- **Work task**
When you transcribe the entries, reproduce every character and exclude the images.

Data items
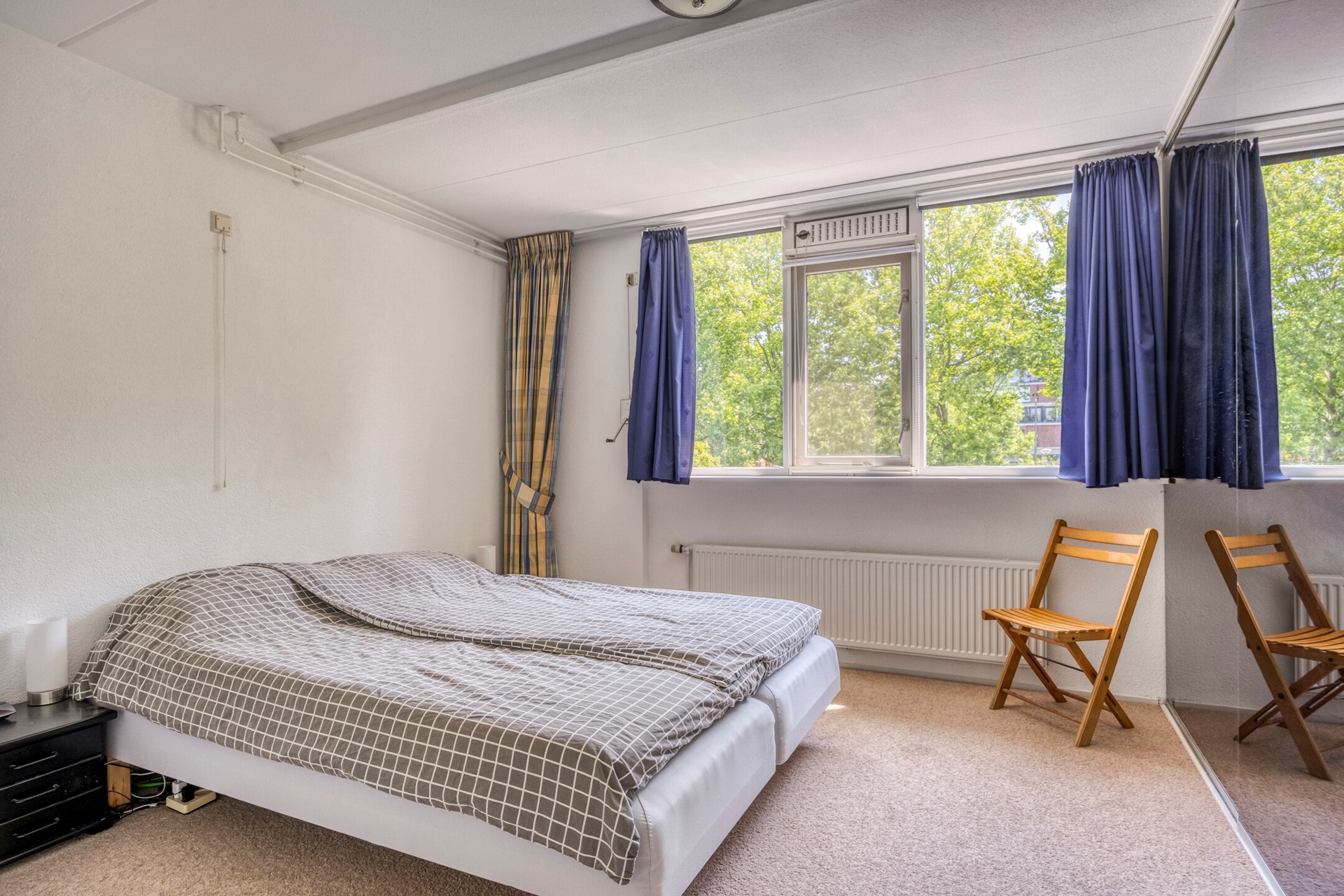 Deze slaapkamer heeft een kastenwand over de hele breedte.
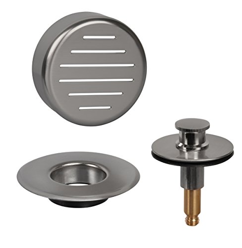 AB&A 60111 Press-In Strainer with "Classic" Overflow Plate and Push eN Lift Stopper, Satin Nickel Finish
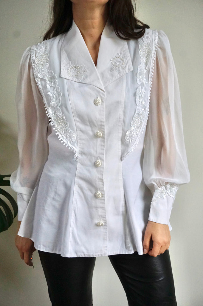 Blue Tulips - Vintage Blouse - Lace Details - L
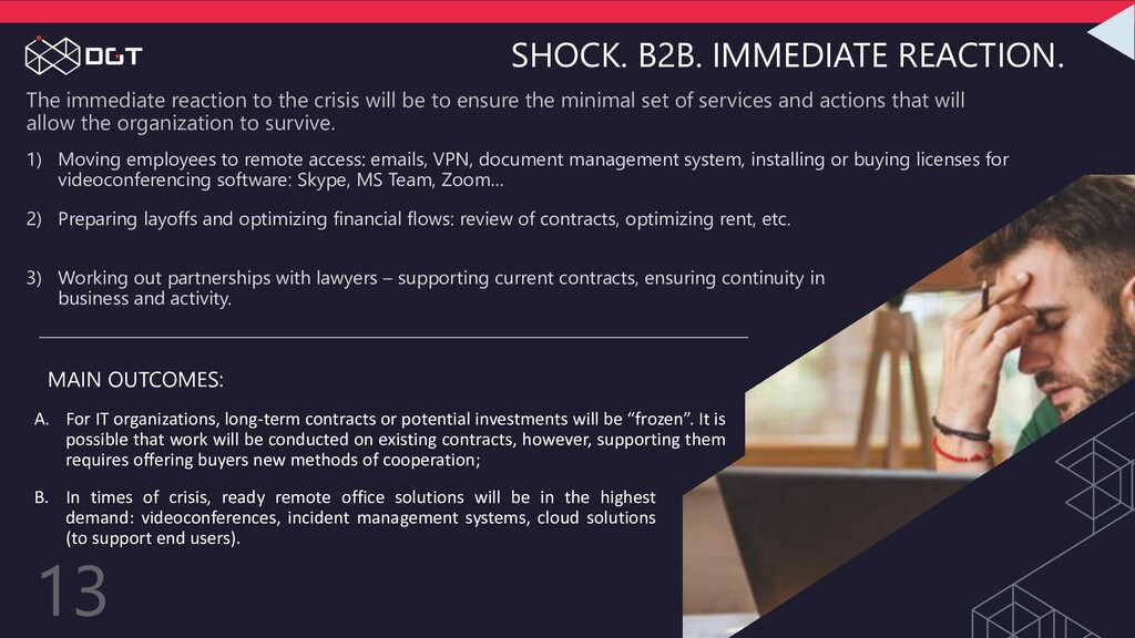 emails, VPN, document management system, installing or buying licenses for videoconferencing software: Skype, MS Team, Zoom… 2) Preparing layoffs and optimizing financial flows: review of contracts, optimizing rent, etc. The immediate reaction to the crisis will be to ensure the minimal set of services and actions that will allow the organization to survive. 3) Working out partnerships with lawyers – supporting current contracts, ensuring continuity in business and activity. MAIN OUTCOMES: A. For IT organizations, long-term contracts or potential investments will be “frozen”. It is possible that work will be conducted on existing contracts, however, supporting them requires offering buyers new methods of cooperation; B. In times of crisis, ready remote office solutions will be in the highest demand: videoconferences, incident management systems, cloud solutions (to support end users).
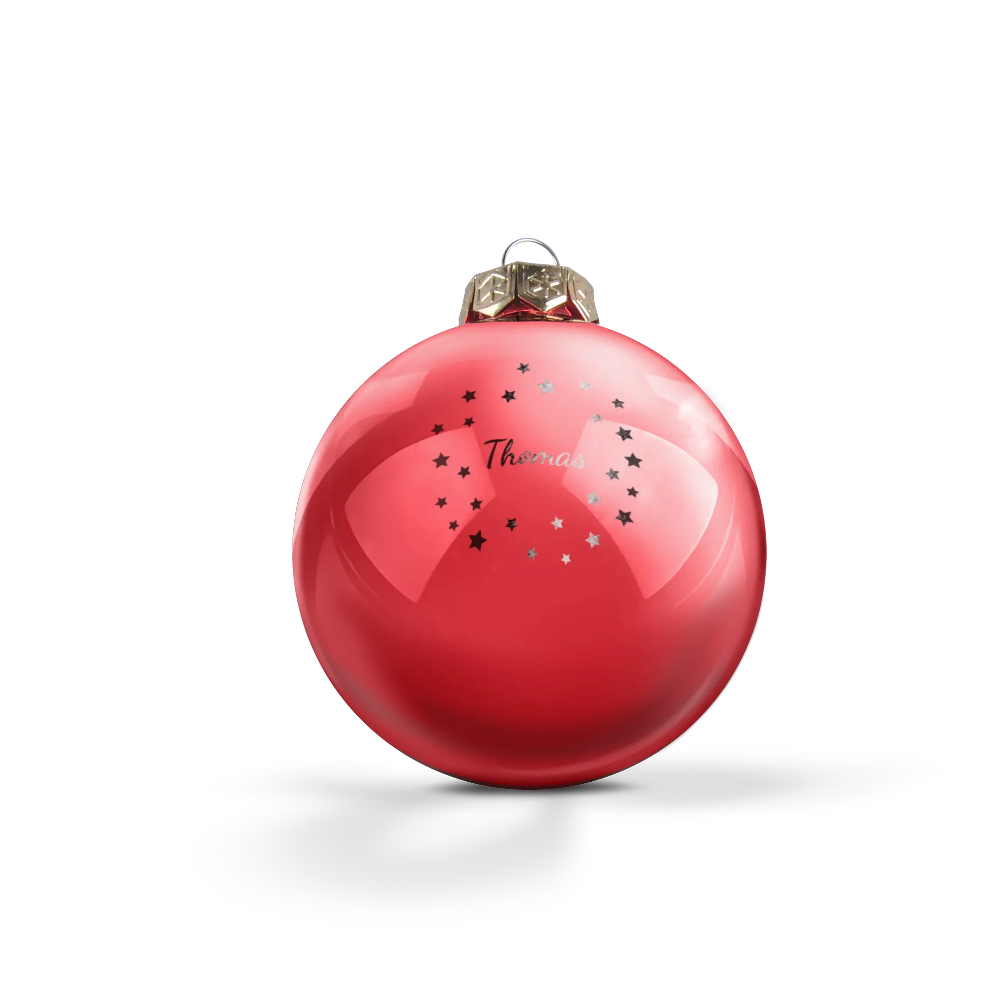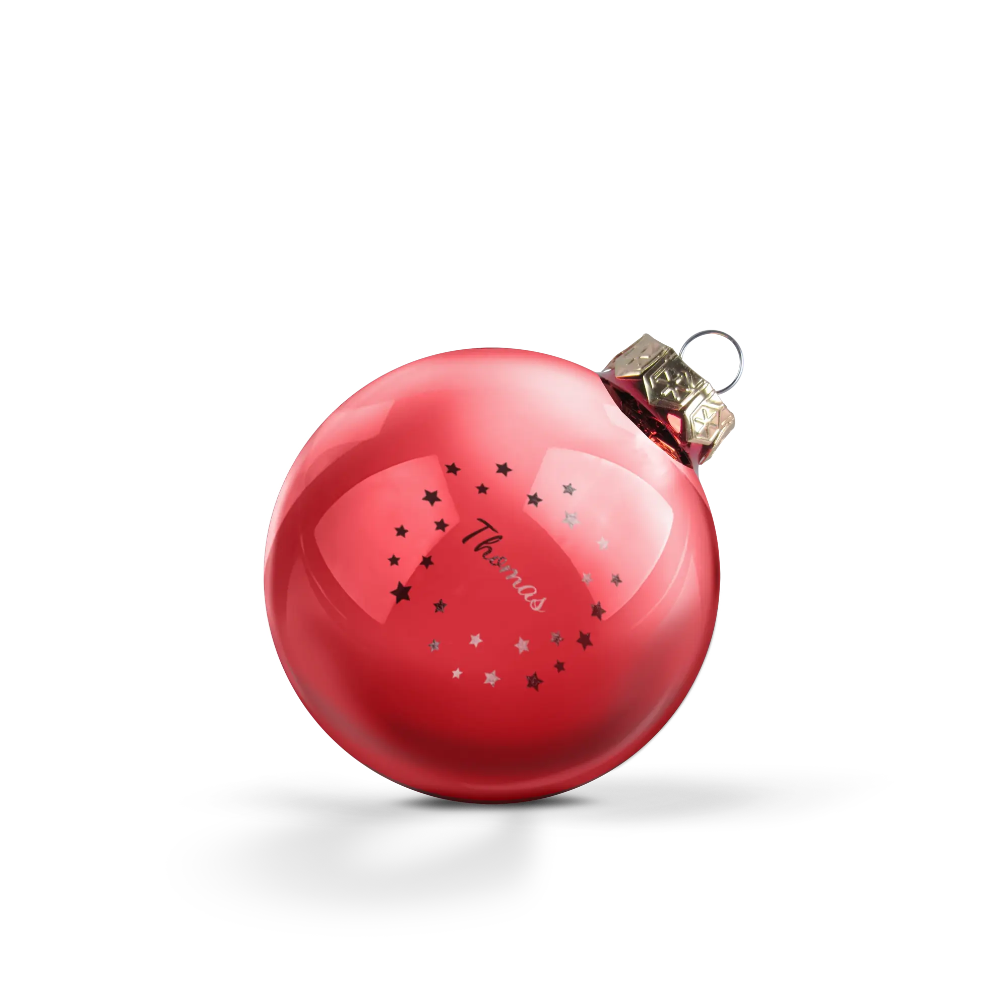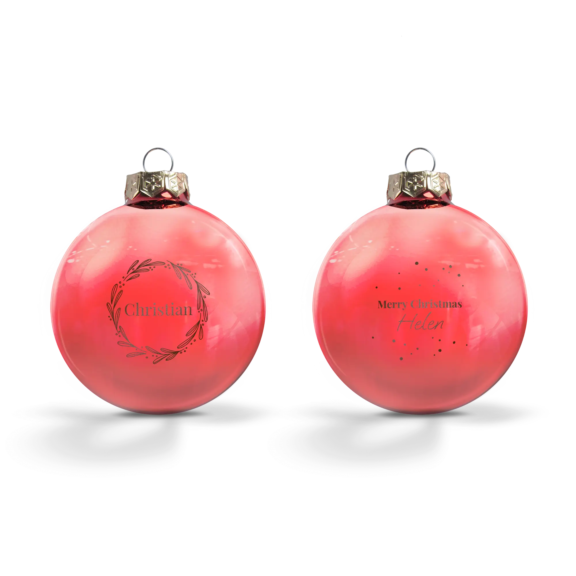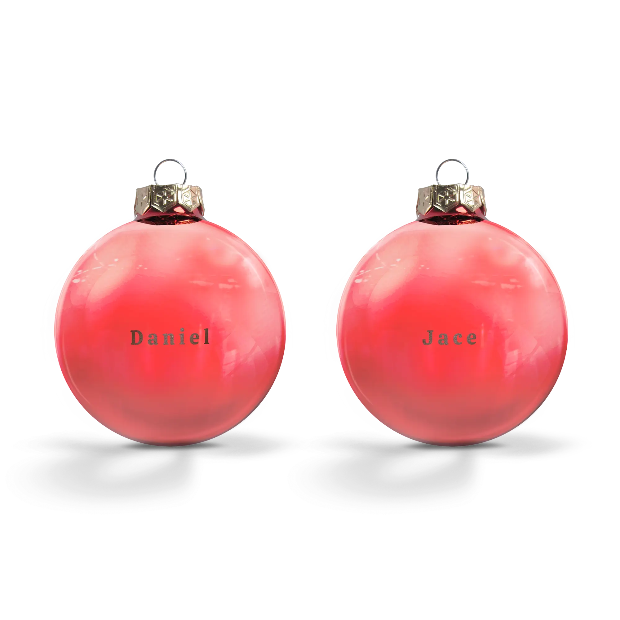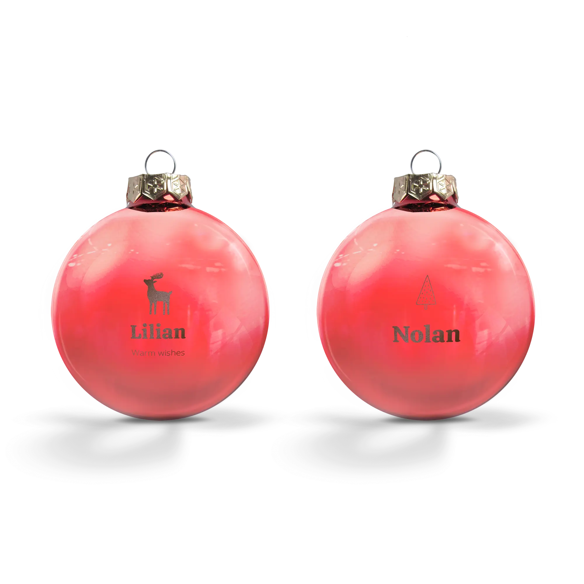 Want to engrave a personal Christmas ornament with a name? Choose one of the merry Christmas designs and really complete the surprise with a name or text!More information on the glass Christmas baubles: Amount: set of 2 Size: Ø 8 cm Material: high-quality glossy glass (non-transparent) Colors: gold, silver and red Personalisation: With a name and/or text Engraving: high-precision laser technique Location: single-sided middle on the ball Crown: gold with string

- **Response area**
 Deze slaapkamer heeft een kastenwand over de hele breedte.
 AB&A 60111 Press-In Strainer with "Classic" Overflow Plate and Push eN Lift Stopper, Satin Nickel Finish
 Blue Tulips - Vintage Blouse - Lace Details - L
 emails, VPN, document management system, installing or buying licenses for videoconferencing software: Skype, MS Team, Zoom… 2) Preparing layoffs and optimizing financial flows: review of contracts, optimizing rent, etc. The immediate reaction to the crisis will be to ensure the minimal set of services and actions that will allow the organization to survive. 3) Working out partnerships with lawyers – supporting current contracts, ensuring continuity in business and activity. MAIN OUTCOMES: A. For IT organizations, long-term contracts or potential investments will be “frozen”. It is possible that work will be conducted on existing contracts, however, supporting them requires offering buyers new methods of cooperation; B. In times of crisis, ready remote office solutions will be in the highest demand: videoconferences, incident management systems, cloud solutions (to support end users).
 Want to engrave a personal Christmas ornament with a name? Choose one of the merry Christmas designs and really complete the surprise with a name or text!More information on the glass Christmas baubles: Amount: set of 2 Size: Ø 8 cm Material: high-quality glossy glass (non-transparent) Colors: gold, silver and red Personalisation: With a name and/or text Engraving: high-precision laser technique Location: single-sided middle on the ball Crown: gold with string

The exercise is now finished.